In case you were wondering: Yes, Rick Perry is Moses in that scenario.
I wrote on Wednesday about one potential spoiler in Rep. Michele Bachmann's presidential campaign: her husband, Marcus. Marcus is a non-certified Christian therapist who operates a clinic called Bachmann & Associates, which has been accused of practicing "reparative" therapy to supposedly turn gay people straight. It's a practice that's been rejected by every major psychologial and psychiatric organization, but given Marcus Bachmann's assertions that gays need to be "educated" like "barbarians," that doesn't seem like a deal-breaker. Marcus has previously denied that the clinic is involved in "reparative" therapy while conceding that his clinic would, hypothetically, be open to that kind of thing, but only if a patient specifically asked to be cured.

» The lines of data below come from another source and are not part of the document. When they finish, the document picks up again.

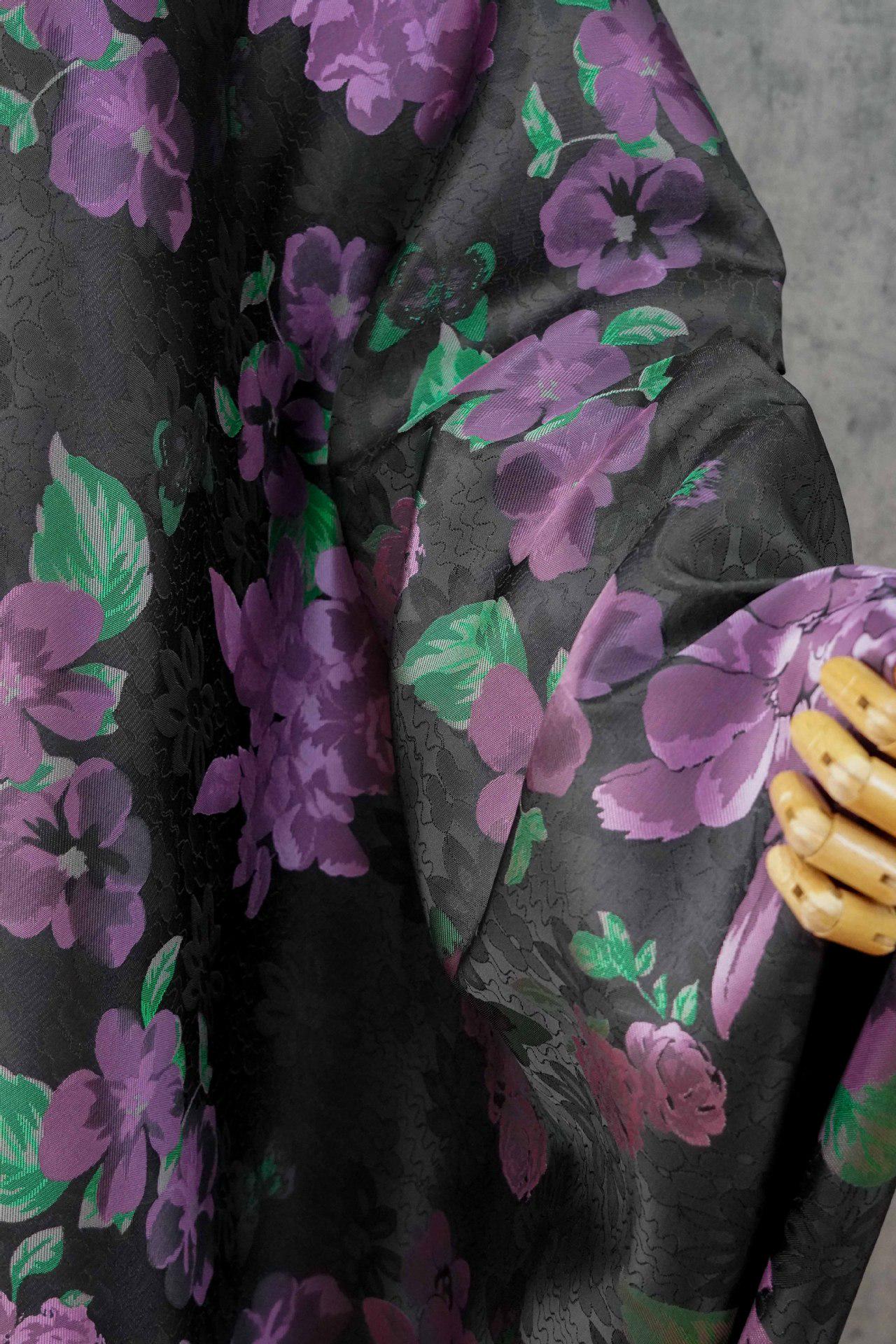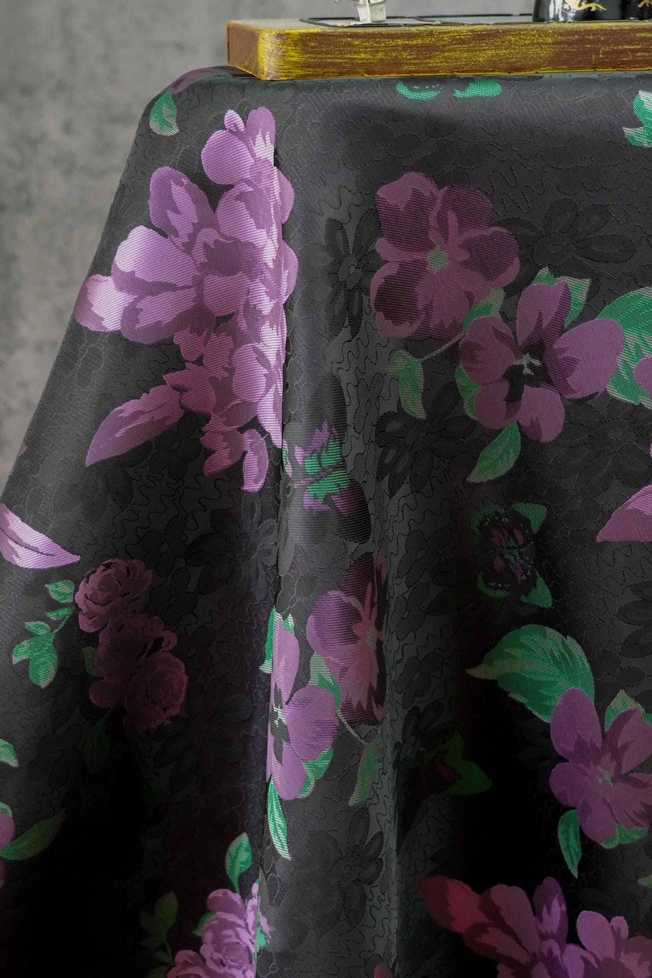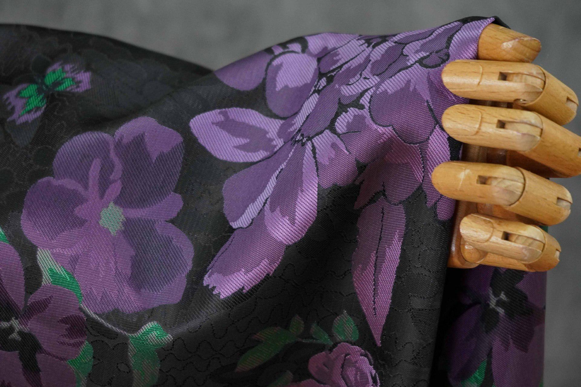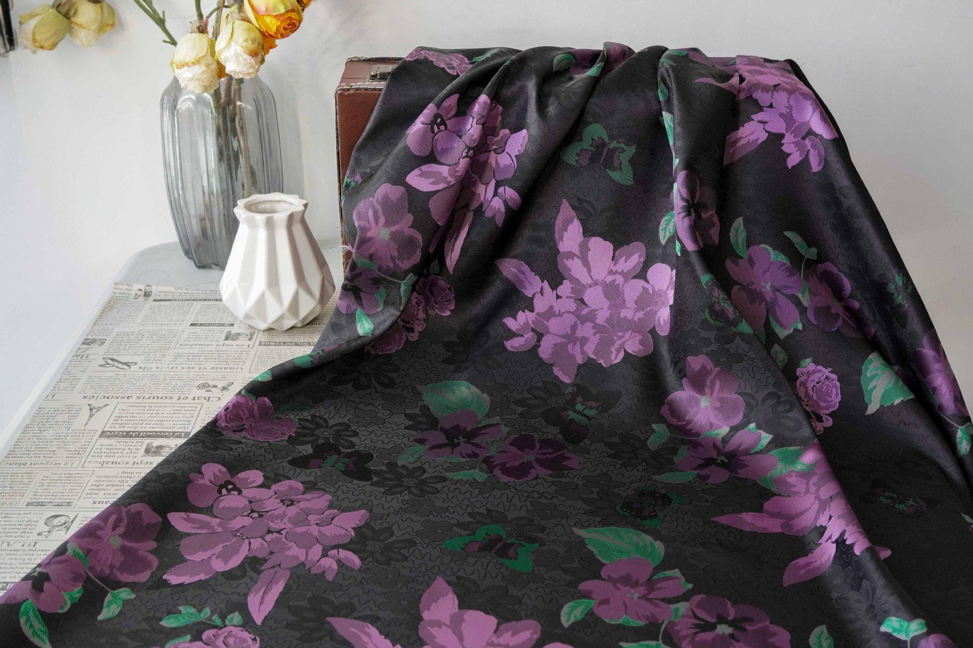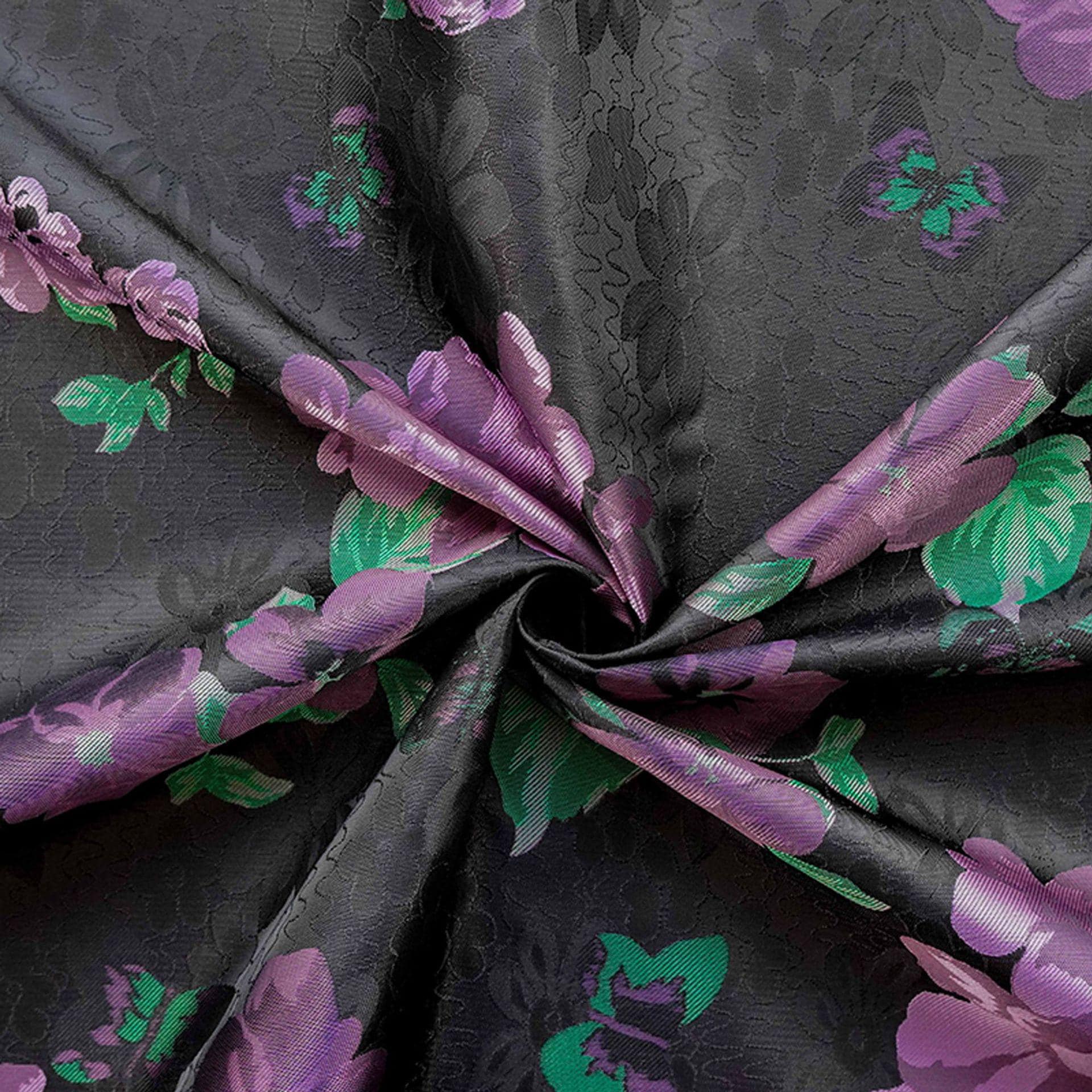 Black Jacquard Qipao Fabric with Purple Floral Pattern – Chinese Brocade Upholstery, Quilting, Cheongsam Sewing Fabric, 66"Wide
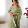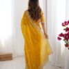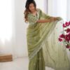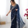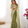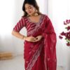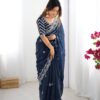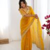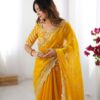 Drape yourself in elegance with this stunning Jimmy Chu saree, featuring intricate thread and sequence work. The saree measures 5.5 meters and is available in 5 captivating colors, weighing a comfortable 0.850 grams. The ensemble includes an unstitched Jimmy Chu blouse with inner lining, also adorned with matching thread and sequence work on both front and back, sized at 0.80 CM. This exquisite set is priced at ₹4,899.00.
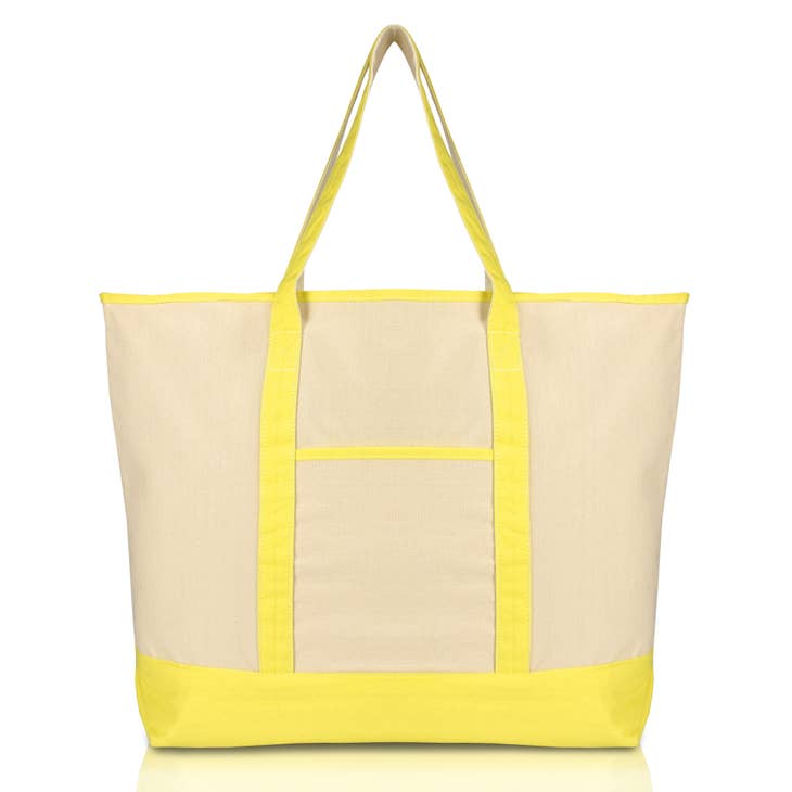 DALIX 22" Open Top Heavy Duty Deluxe Tote Bag Outer Pocket. Simple but yet durable: this tote is perfect for any occasion to carry all your shopping needs. This bag is suitable to carry on you for days out at the beach, grocery shopping at the market, or simply going to work. If you're a student or teacher, it'd be perfect for your class with when carrying textbooks and folders! It is also perfect as a gift bag for weddings, birthdays, christmas and holidays to your friends, family, or even if it is a special gift to yourself. This tote features a heavy duty 12 oz. cotton canvas material with a zipper closure for safety when you travel to ensure your accessories and belongings don't fall out. There is also a front pocket for accessories storage, and comes in more wonderful colors! For those on a budget but still wanting a quality product, this is a great gift under 20 dollars which will last for time to come.

Now, writing at The Nation, Mariah Blake offers an account that seems to refute Bachmann's previous denials and shed new light on the family's ties to the "ex-gay" movement:
In the summer of 2004, Andrew Ramirez, who was just about to enter his senior year of high school, worked up the nerve to tell his family he was gay. His mother took the news in stride, but his stepfather, a conservative Christian, was outraged. "He said it was wrong, an abomination, that it was something he would not tolerate in his house," Ramirez recalls. A few weeks later, his parents marched him into the office of Bachmann & Associates, a Christian counseling center in Lake Elmo, Minnesota, which is owned by Michele Bachmann’s husband, Marcus. From the outset, Ramirez says, his therapist—one of roughly twenty employed at the Lake Elmo clinic—made it clear that renouncing his sexual orientation was the only moral choice. "He basically said being gay was not an acceptable lifestyle in God’s eyes," Ramirez recalls. According to Ramirez, his therapist then set about trying to "cure" him. Among other things, he urged Ramirez to pray and read the Bible, particularly verses that cast homosexuality as an abomination, and referred him to a local church for people who had given up the "gay lifestyle." He even offered to set Ramirez up with an ex-lesbian mentor.
The gay rights group Truth Wins Out, meanwhile, just released the results of their own hidden-camera investigation into Bachmann & Associates. That report is cited in Blake's piece, and tells a similar story—the Truth Wins Out operative, John M. Becker, asked the clinic to cure his homosexuality and then described in detail the ensuing therapy sessions.
It's worth noting that this isn't just a story about a campaign spouse. When Michele Bachmann brags about starting a family business on the campaign trail, this is the business she's talking about; it's very much her clinic too—she lists it as an asset on her financial disclosure forms. Marcus, meanwhile, has said that he is his wife's top political "strategist." So what does this all mean? For one thing, it suggests that Marcus Bachmann lied about his clinic's activities. It's possible, I suppose, that he really didn't know what was going on at the clinic, but if that was the case, it seems odd that, as Blake notes, he'd hawk the memoir of a noted "ex-gay" activist at the clinic.
It also raises some serious questions. Reparative therapy isn't covered under most insurance plans. How did Bachmann & Associates describe the treatment when they billed insurance companies? Or did patients just pay out of pocket? And what does this mean for Bachmann and Associates' government funding? As the Minnesota Independent's Andy Birkey has noted, Bachmann & Associates has received $30,000 in state funds.